En condiciones reales, estos componentes están sometidos a cargas repetidas, al calor del compartimento del motor y a la fricción. Por lo tanto, con el tiempo, los engranajes de plástico comienzan a desgastarse en el perfil de los dientes, se deforman por el calor y se agrietan bajo tensión cíclica.
Las fallas típicas se dan en los actuadores del acelerador, los sistemas de ajuste del asiento y los componentes pequeños accionados por engranajes, donde la repetibilidad y la precisión son importantes.
Por lo tanto, los ingenieros sustituyen las piezas de plástico por componentes metálicos mecanizados por CNC, como aluminio, acero o acero inoxidable, para mejorar el rendimiento y la vida útil. Los componentes metálicos conservan su forma bajo presión.

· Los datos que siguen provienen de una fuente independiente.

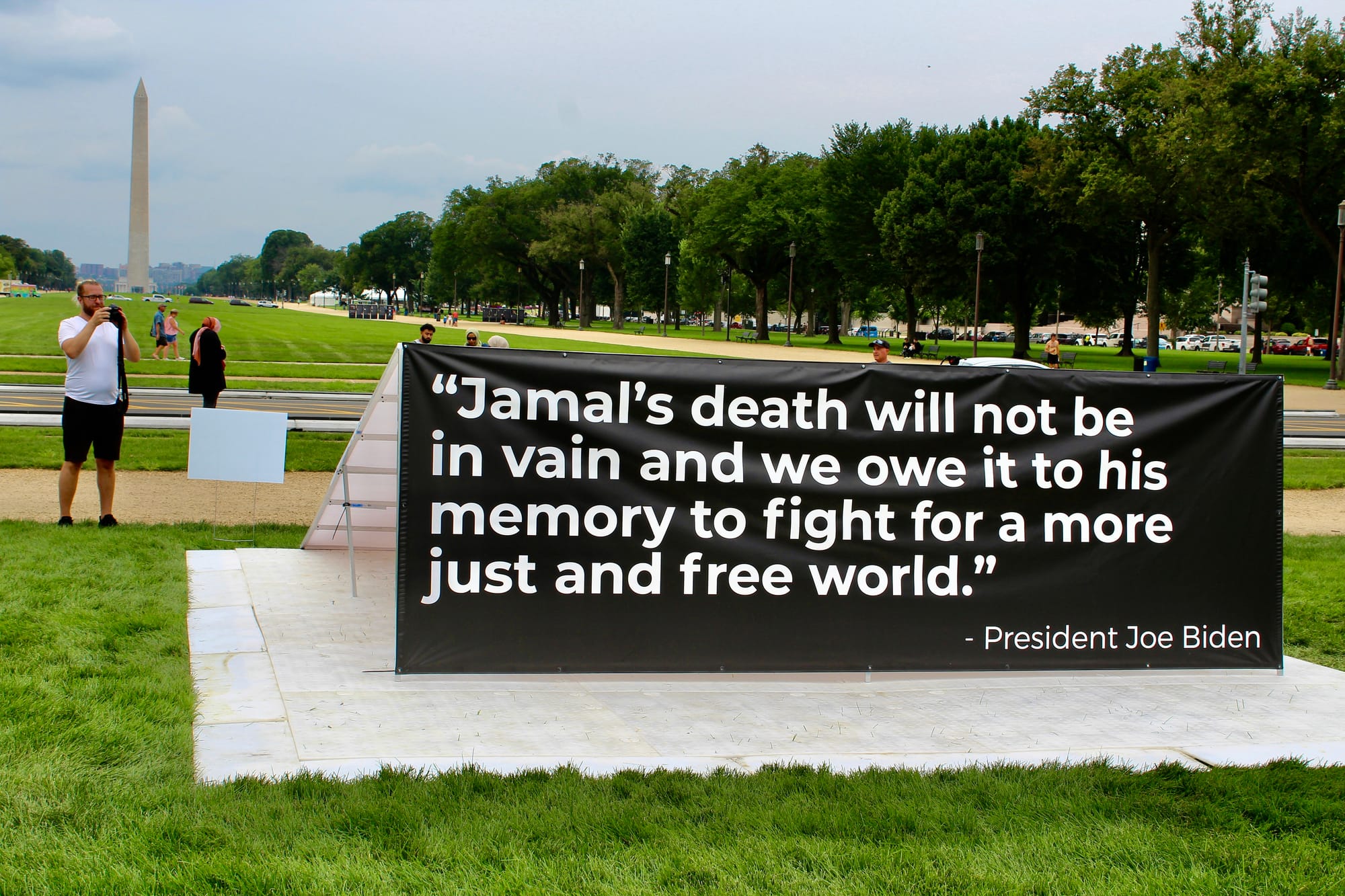 The installation included a sign highlighting a quote by President Joe Biden, saying: "Jamal's death will not be in vain and we owe it to his memory to fight for a more just and free world."

Además, resisten el desgaste y funcionan de forma óptima a altas temperaturas sin deformarse.
Este artículo explica el comportamiento ante fallos de los engranajes de plástico en su uso en la industria automotriz y cómo las piezas metálicas mecanizadas por CNC mejoran la resistencia, la estabilidad y el rendimiento a largo plazo.

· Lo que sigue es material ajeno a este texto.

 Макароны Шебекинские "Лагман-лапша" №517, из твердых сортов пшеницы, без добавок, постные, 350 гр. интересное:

Los componentes plásticos se utilizan a menudo para ahorrar costes y peso; sin embargo, sus aplicaciones suelen estar limitadas en cuanto a carga, temperatura y ciclo de funcionamiento. Cuando se superan estos límites, se producen fallos por desgaste, deformación o agrietamiento. Esto se observa con mayor frecuencia en las piezas móviles de los sistemas automovilísticos.
Los sistemas de accionamiento pequeños emplean engranajes de plástico para modificar la velocidad del motor y convertirla en un par útil.
En la sincronización de baja carga se utilizan elementos plásticos para reducir el ruido.
Las carcasas de plástico sirven de soporte a los componentes, pero pierden rigidez con el tiempo bajo tensión.
Estos componentes se utilizan para el montaje y la unión rápida de piezas.
Las guías y los deslizadores funcionan bajo fricción y movimiento repetitivo.
Los componentes de plástico fallan cuando las condiciones reales de funcionamiento superan los límites de diseño. Esto no ocurre de inmediato. Generalmente comienza con un desgaste leve, cambios en la forma o la rigidez, y luego se manifiesta como ruido, desalineación y, finalmente, la falla total de la pieza.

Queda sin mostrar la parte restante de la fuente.